Notably, we observed a marked difference in the trends of gastric cancer incidence and mortality at regional and national levels. Central Latin America, East Asia, and Oceania are three GBD regions that have had an increase in gastric cancer incidence rates among young individuals. The reasons for this remain unclear. In Latin America, gastric cancer is still one of the most common cancers, and countries including Costa Rica and Colombia reported the highest mortality rate of gastric cancer globally [29]. In our study, Central Latin America countries including Mexico, Colombia, and Venezuela showed an increase in incidence rates. Torres et al. suggested that the geographical disparities in gastric cancer incidence across the Americas may stem from factors such as altitude, host genetics, genotypes, prevalence of H. pylori infection and dietary habits [29]. Effective campaigns targeting H. pylori eradication in Latin America have yet to be implemented, which may also contribute to the persistently high rates of gastric cancer [30]. On the other hand, China is the only country with a significant increase in incidence rate of young-onset cancer in East Asia. The increasing incidence of gastric cancer in Chinese young adults may be attributed to the high background rate of H. pylori infection and lack of a universal screening program for gastric cancer [31, 32]. It is also evident that younger individuals from China had significantly higher levels of exposure to smoking and high-salt diets when compared to the global average. Furthermore, alcohol consumption in China has surpassed the global average since 2012 (Supplementary Fig. 3). Together, these may partly explain the heavy burden of young-onset gastric cancer in China and the significant increase in recent years, which could also be attributed to increased exposure to these unhealthy lifestyle habits associated with gastric cancer. Despite an overall declining trend in the burden of gastric cancer among young individuals in Africa, some low-income countries such as Lesotho and Zimbab still exhibit an increase in both incidence and mortality rates in younger individuals. This may be related to the low universal health coverage in these populations and lack of screening for gastric cancer and H. pylori infection [33, 34].

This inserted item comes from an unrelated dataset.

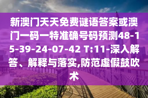 新澳門天天免費謎語答案或澳門一碼一特準確號碼預測48-15-39-24-07-42 T:11的深入解答、解釋與落實
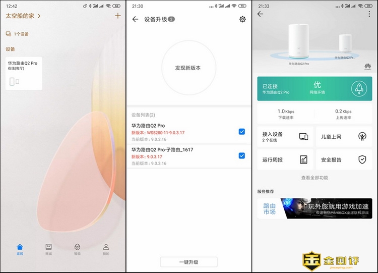 设置并绑定成功后的华为路由Q2 Pro会出现在设备界面里,点击对应图标就可以进入华为路由Q2 Pro主界面,当发现设备有新的固件时,智能家居APP也会及时的推送。

Joinpoint regression model results indicate an overall decreasing young-onset and late-onset gastric cancer incidence and mortality rate from 1990 to 2019. However, a small but significant increase in incidence rate was observed after 2015 for young-onset gastric cancer. The underlying reasons for the increase are unclear. This may be partly due to the increasing use of screening and surveillance procedures among younger individuals, with the detection of more cancers at earlier stages. Multiple guidelines from the North America and Europe have been established since 2015 to underscore the importance of monitoring for gastric preneoplastic lesions like chronic atrophic gastritis, intestinal metaplasia, and dysplasia, which may enhance public awareness regarding the significance of surveillance and hence early cancer prevention [35,36,37]. Moreover, as the Joinpoint analysis result shows, the changes in incidence in populous countries, such as mainland China and India, may also contribute to the increase due to the large burden of cases in these countries [38]. The United Nations predicts that India will surpass China as the world's most populous country in 2027 [39]. Therefore, it is imperative to increase the awareness of the escalating incidence of young-onset gastric cancer in India, despite its relatively low background incidence rate. The overall prevalence of H. pylori has decreases in the United States in recent decades, but Andersen et al. identified an increase in the incidence of non-cardia gastric cancer among young (< 50 years) U.S. non-Hispanic white females from 1995 to 2013. This finding may be attributed to the long lag time between H. pylori infection and gastric cancer development which may not be apparent within a relatively short period, or may potentially be related to the rise of other risk factors such as autoimmune gastritis in this population [40]. Our research group has recently reported a consistent declining prevalence of H. pylori infection globally [41]. However, there is limited data available regarding temporal changes in H. pylori infection prevalence rates among younger individuals and their association with changes in gastric cancer incidence. To gain insights into its potential association, further large-scale epidemiological studies are needed.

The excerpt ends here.